Blog,South Colchester
10/06/2024

Here at Little Learners, we have paint as part of our provision EVERY week – but what are the positives of paint and why should little hands explore it?

Paint is brilliant for developing fine motor skills – every action of moving their hand towards a surface enhances hand-eye co-ordination and spatial awareness. It also increases their hand strength (gripping tools), which is crucial for writing development later on.

It encourages creativity and curiosity – what happens when these two colours mix? What happens if I move my brush fast? What happens when I use a sponge and add water?

You may have heard about the importance of learning about cause and effect – painting is a brilliant (and very visual) way of exploring this.
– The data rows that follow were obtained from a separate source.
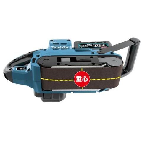 バッテリを前方に配置し、重心位置をベルトの中心にすることで、研削ムラを低減し安定したサンディングが可能。
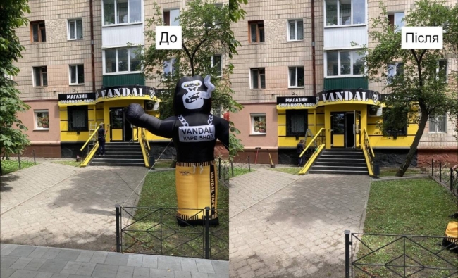 Зокрема, біля одного з магазинів підприємцям довелося прибрати надувну мавпу, що рекламувала вейп-шоп.
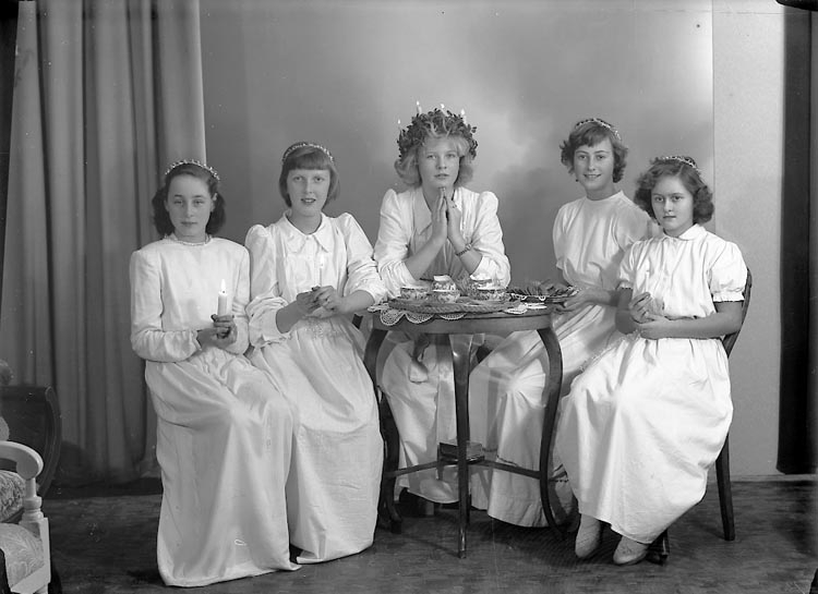 Enligt fotografens journal nr 7 1944-1950: "Luciorna, Anita Brant, Monika Lindqvist, Lena Olsson, Felltoff, Sylvia Johansson".
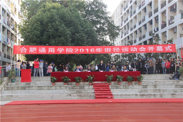 2016年11月3日上午,合肥通用职业技术学院2016年田径运动会在学院运动场隆重开幕。学院院长、党委副书记张志勇,党委副书记、副院长田启昌,副院长李爱民、江道银,院长助理邵刚、薛晓妹出席了本次开幕式。开幕式由江道银副院长主持。
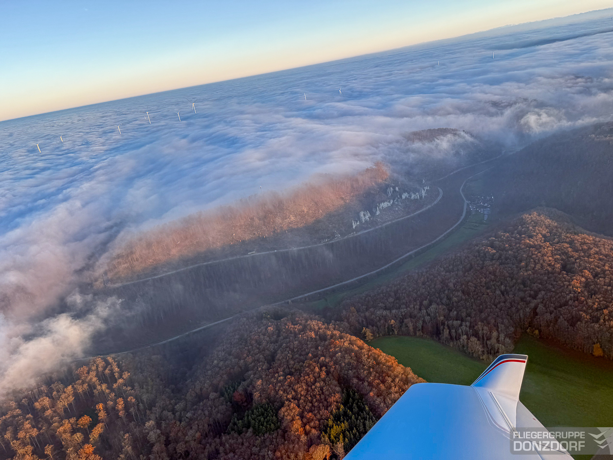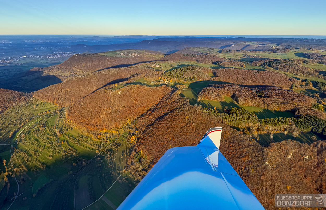 „Einfach rausziehen und fliegen“, das ist einer der großen Vorteile unserer ultraleichten Dynamic. Das Flugzeug steht ganz vorne in der Halle, und ist so leicht dass man es problemlos alleine rausziehen und wieder reinschieben kann. Das lädt zu spontanen Feierabendsflügen ein. Die bieten sich vor allem bei schönem Licht im Herbst an. Hier sind einige Impressionen von einem frühabendlichen Flug entlang der Albkante von vor ein paar Tagen. Hashtag WhyWeFly 🙂
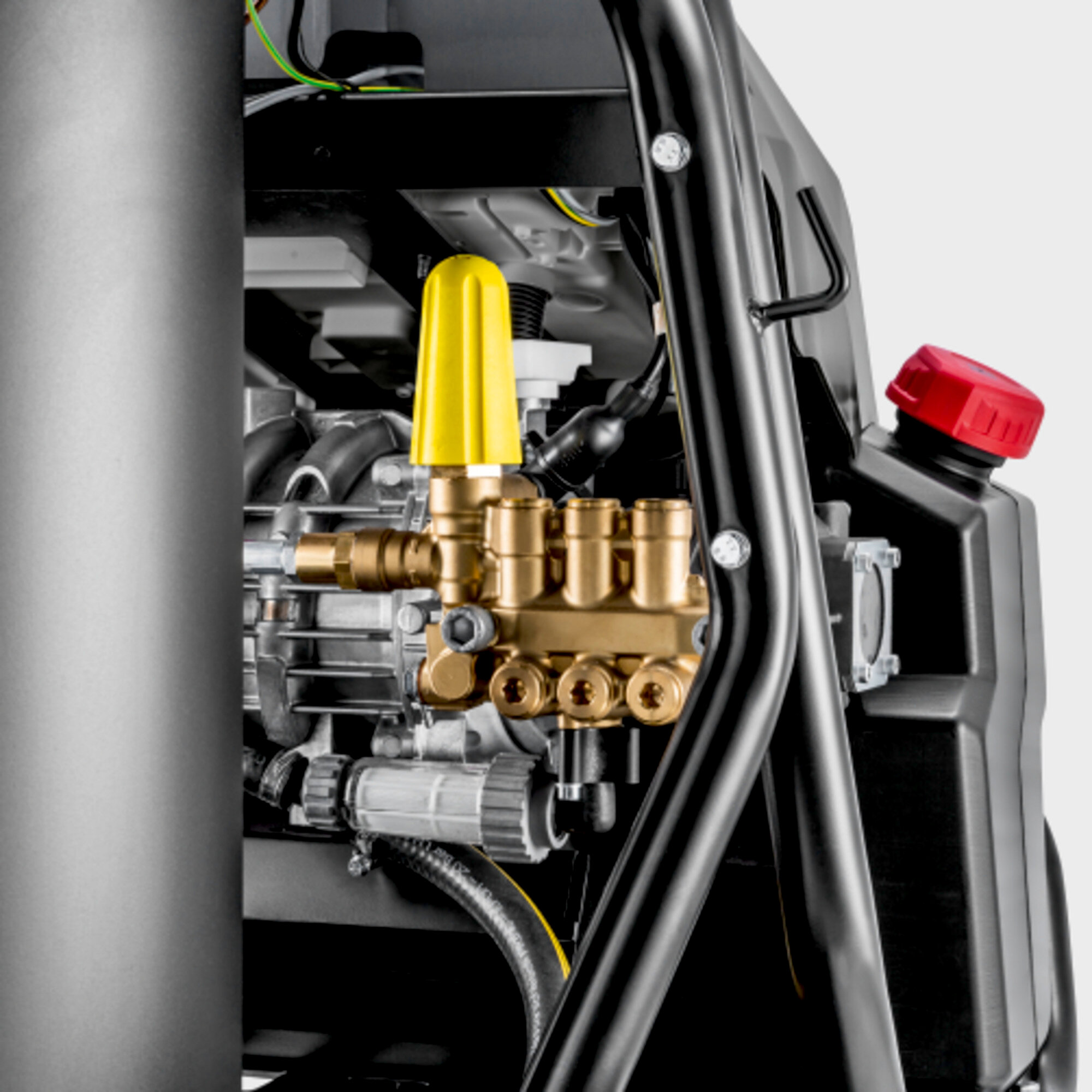 Στιβαρή αντλία στροφαλοφόρου άξονα με αποδεδειγμένη ποιότητα Kärcher. Δοκιμασμένη τεχνολογία ασφαλείας, όπως θερμική βαλβίδα ασφαλείας και φίλτρο νερού.
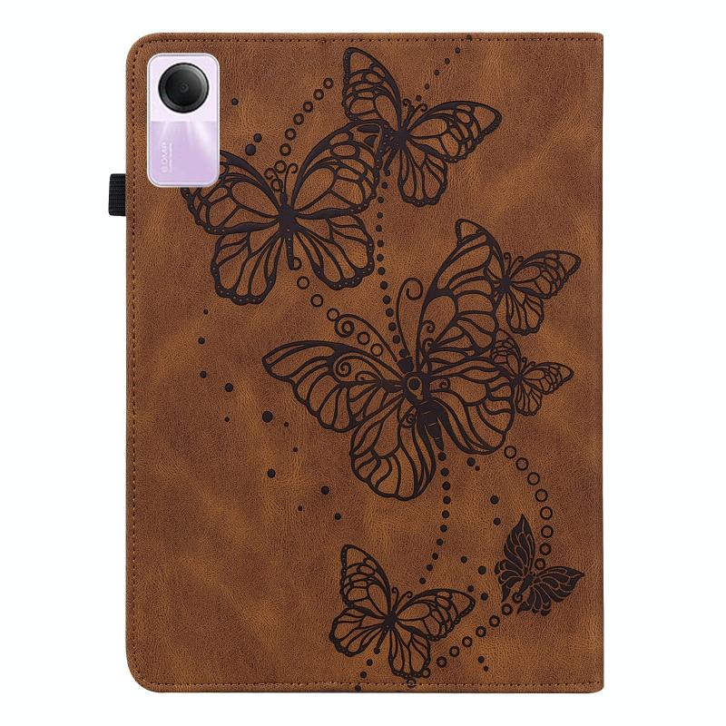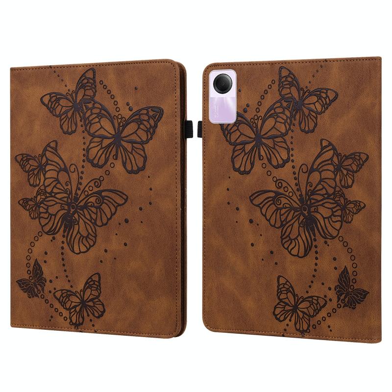 For Xiaomi Redmi Pad SE Embossed Butterfly Pattern Horizontal Flip Leather Tablet Case(Brown)
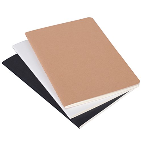 (Set of 3) A5 Dotted Notebook / Journal - 5.5 x 8.25 Dot Grid Paper for Bullet Journaling, 120 Sheets/240 Pages, Black/White/Kraft Brown Cover
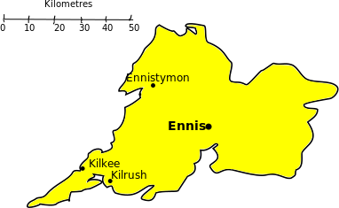 This is a map of the region around Ennis, Ireland. It shows the town of Ennisie and its surrounding area with several other towns and cities labeled on it. The map also includes a scale bar at the bottom to help viewers understand the relative size of the locations. The map is yellow in color, giving it an old-fashioned appearance.
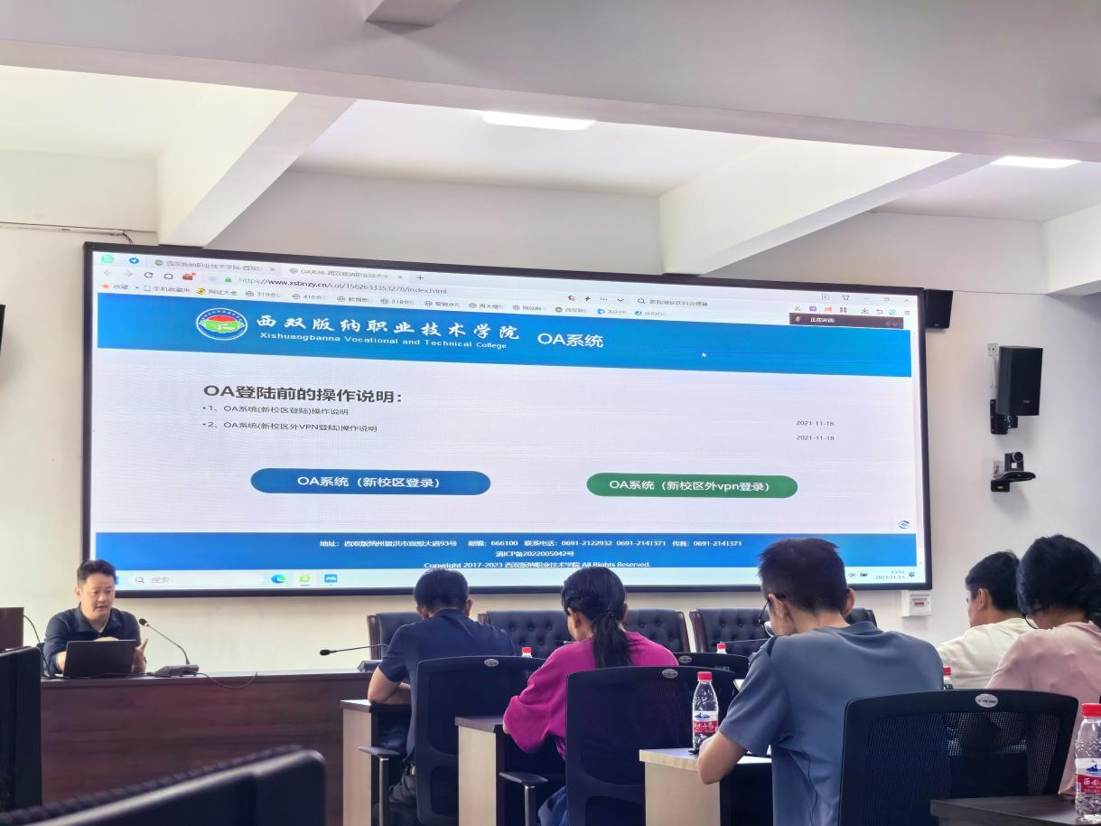 随着高校规模的不断扩大和管理的日益复杂,为了优化办公流程,提高办公效率和管理水平已成为高校发展的重要保障。11月15日下午,今年会官方网站组织学院各部门主要负责人和部门工作人员在勐仑校区参加了OA(Office Automation)办公系统培训。培训由网络信息中心副主任李翔主持。

It’s fun! It’s a brilliant sensory experience – the feel of slippery, wet paint is ideal for little learners.

So how can you explore this at home?

You don’t needed masses of equipment for painting to be a stimulating experience – an old roll of wallpaper in the garden is an ideal setup. Pour out some paint and add some tools – this could be brushes, potato mashers, carrots, fly swats, toy cars – anything! There are lots of different natural resources you can print or paint with too – shells, sticks and leaves all create different patterns to look at. If you are lucky enough to have a tuff tray at home, pour the paint straight onto the tray. Part of the fun can be hosing it off the next day – or really developing those muscles by providing your little one with a scrubbing brush to help!

Try thick oozy paint one week and really water it down the next! Paintsticks are a great option for a more controlled first experience of paint – they roll up like glue sticks but produce some lovely mark making experiences. (Or check out egg chalks if you need something a little messy to start with!)

You can even change the material your little one paints on – try cardboard boxes, bubble wrap and silver foil.

Pop some music on and get involved…..release your inner Van Gogh!

Alternatively, why not book into your local Little Learners session where you are guaranteed to have a painting experience for you and your little one to explore. Look here for your nearest session.

Happy painting!

Toddler laying on a painted piece of paper exhausted
Painting can be exhausting!

Anita

Little Learners South Colchester

One response to “The Power of Paint”

  1. […] mark making and messy play classes encourage development through all types of activities such as paint, play dough and threading activities! But did you know that soft play has a part to play […]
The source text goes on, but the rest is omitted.